Despite the well-documented health significance of mycotoxin exposure, several critical but often overlooked problems persist: the methodological inadequacy, analytical unreliability, and clinical misapplication of mycotoxin testing methods. This essay addresses the substantial gap between laboratory-based detection capabilities and clinically meaningful diagnostic interpretation, examining how current testing paradigms frequently generate misleading results that compromise both public health assessment and individual patient management.
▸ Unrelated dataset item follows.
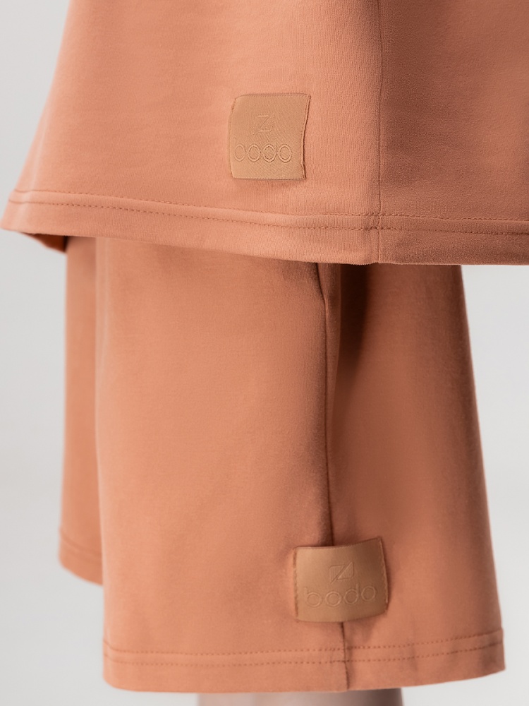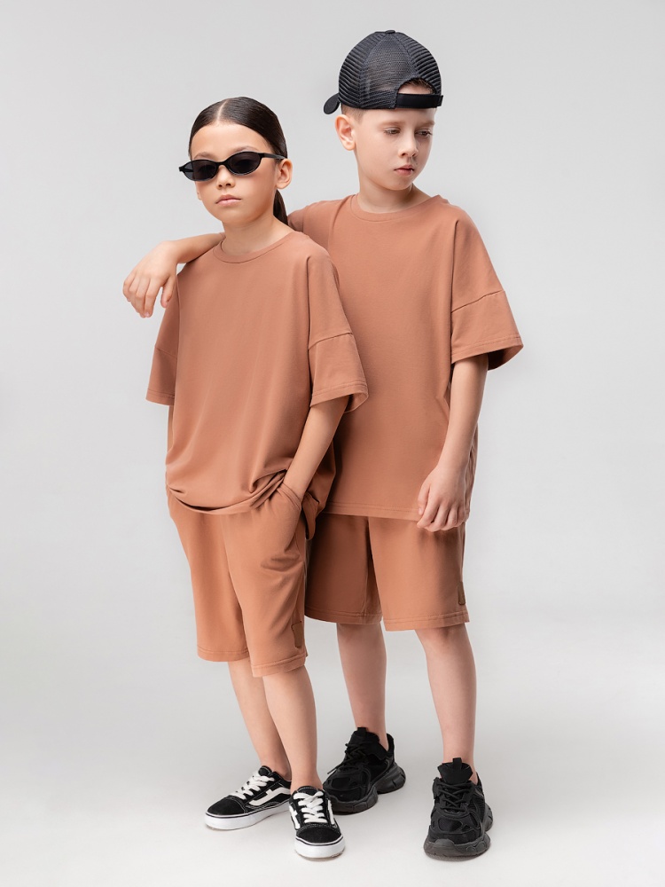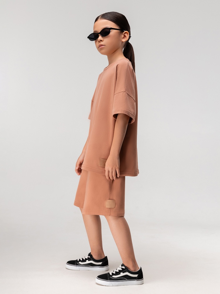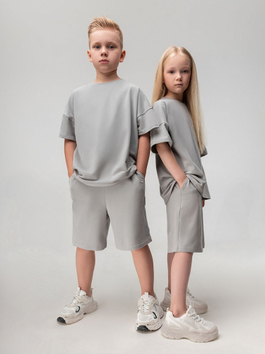 Материал кулирная гладь Состав 92% хлопок 8% лайкра Костюм с эффектом фрчи: футболка и шорты. Свободная футболка с коротким рукавом и прямые шорты с боковыми карманами, пояс на резинке.

Background and Scope of Mycotoxin Exposure
The fundamental challenge lies in the multiplicity and complexity of mycotoxin detection approaches, ranging from chromatographic instrumental methods to immunological assays and emerging biosensor technologies. Each methodology possesses inherent limitations regarding sensitivity, specificity, accuracy, and practical applicability. Moreover, the translation of analytical findings into meaningful health risk assessments remains profoundly hampered by insufficient harmonization of methods, inadequate reference standards, and a persistent lack of evidence linking circulating biomarkers to clinical health outcomes in human populations, with specific corrections to these parameters.
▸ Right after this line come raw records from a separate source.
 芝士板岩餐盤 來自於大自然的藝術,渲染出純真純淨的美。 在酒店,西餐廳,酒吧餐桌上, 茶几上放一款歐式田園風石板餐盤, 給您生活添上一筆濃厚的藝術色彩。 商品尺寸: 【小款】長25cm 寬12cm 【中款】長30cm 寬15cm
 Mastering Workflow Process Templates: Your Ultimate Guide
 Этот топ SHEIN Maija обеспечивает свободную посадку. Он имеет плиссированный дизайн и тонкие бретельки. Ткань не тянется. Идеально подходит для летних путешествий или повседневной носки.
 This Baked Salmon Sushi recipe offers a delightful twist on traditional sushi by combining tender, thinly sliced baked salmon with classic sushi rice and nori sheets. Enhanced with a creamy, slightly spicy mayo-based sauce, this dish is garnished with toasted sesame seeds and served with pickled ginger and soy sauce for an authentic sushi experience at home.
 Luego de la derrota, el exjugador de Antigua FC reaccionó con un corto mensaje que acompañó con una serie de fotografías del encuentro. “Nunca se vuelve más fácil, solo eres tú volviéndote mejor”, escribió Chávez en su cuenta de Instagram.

This comprehensive review critically examines the scientific and medical pitfalls endemic to mycotoxin testing, focusing on the gap between flawed methodology and misleading clinical interpretation that currently characterizes much of the field. Claims attributing chronic illness causation to fungal infection and advocating anti-fungal treatment are not supported by current evidence. CIRS is not an infectious disease. Studies have shown that inflammatory, metabolic, and immunologic parameters are present in all cases, and that specific therapies are required to correct the CIRS illness. We know that Actinobacteria are the source of 42% of cases confirmed by meeting the criteria of specific causation. Lipopolysaccharides, endotoxins derived from Gram-negative rods, result in an additional 28% of cases meeting specific causation criteria. Fungi are shown to result in 7% of cases.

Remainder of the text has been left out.